--- Information ---
————
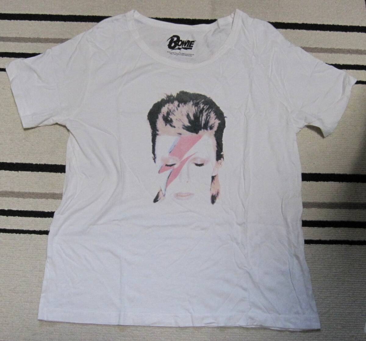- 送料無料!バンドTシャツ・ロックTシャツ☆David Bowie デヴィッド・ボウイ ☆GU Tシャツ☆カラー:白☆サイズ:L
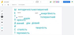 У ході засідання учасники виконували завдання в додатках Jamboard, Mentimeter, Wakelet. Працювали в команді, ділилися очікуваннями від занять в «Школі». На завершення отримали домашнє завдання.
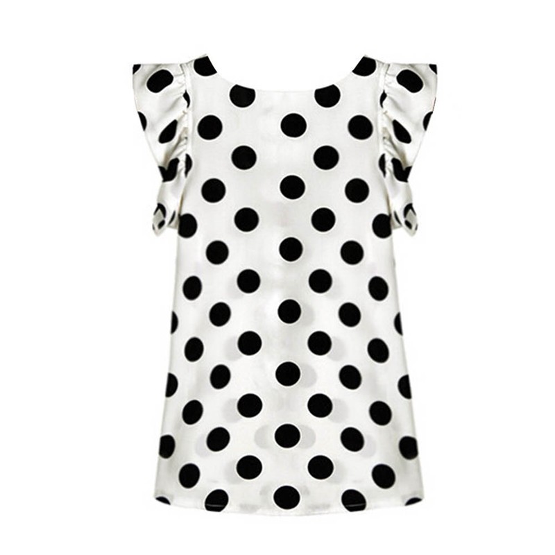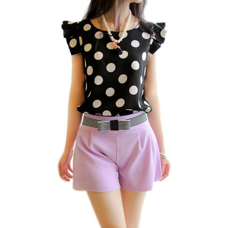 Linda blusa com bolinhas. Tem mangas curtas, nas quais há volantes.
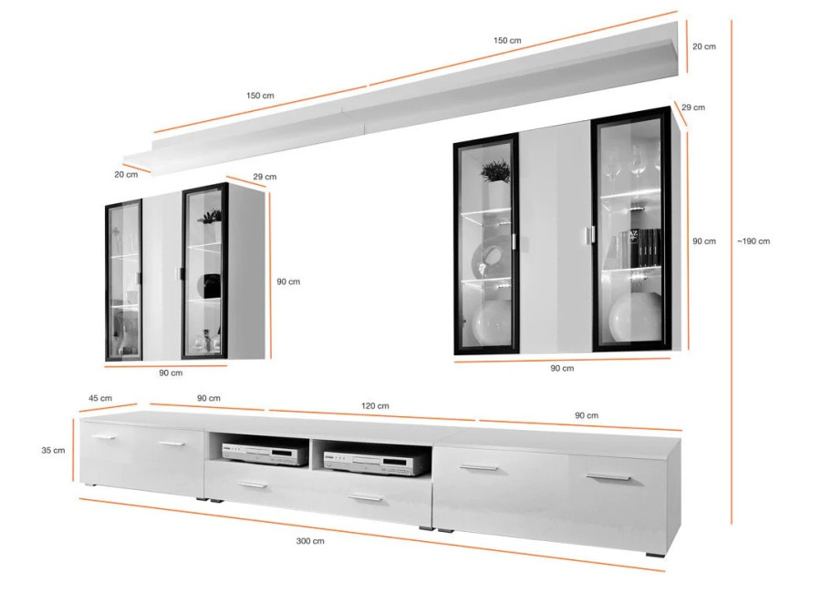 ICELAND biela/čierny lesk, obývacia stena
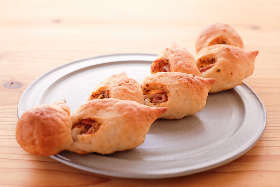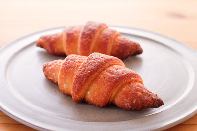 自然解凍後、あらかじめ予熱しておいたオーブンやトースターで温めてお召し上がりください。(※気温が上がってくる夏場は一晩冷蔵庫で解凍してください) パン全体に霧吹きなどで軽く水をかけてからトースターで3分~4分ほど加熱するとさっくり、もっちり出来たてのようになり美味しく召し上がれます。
————
--- Activity ---
Take the listing above and print it exactly, apart from the pictures.

--- Finished task ---
- 送料無料!バンドTシャツ・ロックTシャツ☆David Bowie デヴィッド・ボウイ ☆GU Tシャツ☆カラー:白☆サイズ:L
 У ході засідання учасники виконували завдання в додатках Jamboard, Mentimeter, Wakelet. Працювали в команді, ділилися очікуваннями від занять в «Школі». На завершення отримали домашнє завдання.
 Linda blusa com bolinhas. Tem mangas curtas, nas quais há volantes.
 ICELAND biela/čierny lesk, obývacia stena
 自然解凍後、あらかじめ予熱しておいたオーブンやトースターで温めてお召し上がりください。(※気温が上がってくる夏場は一晩冷蔵庫で解凍してください) パン全体に霧吹きなどで軽く水をかけてからトースターで3分~4分ほど加熱するとさっくり、もっちり出来たてのようになり美味しく召し上がれます。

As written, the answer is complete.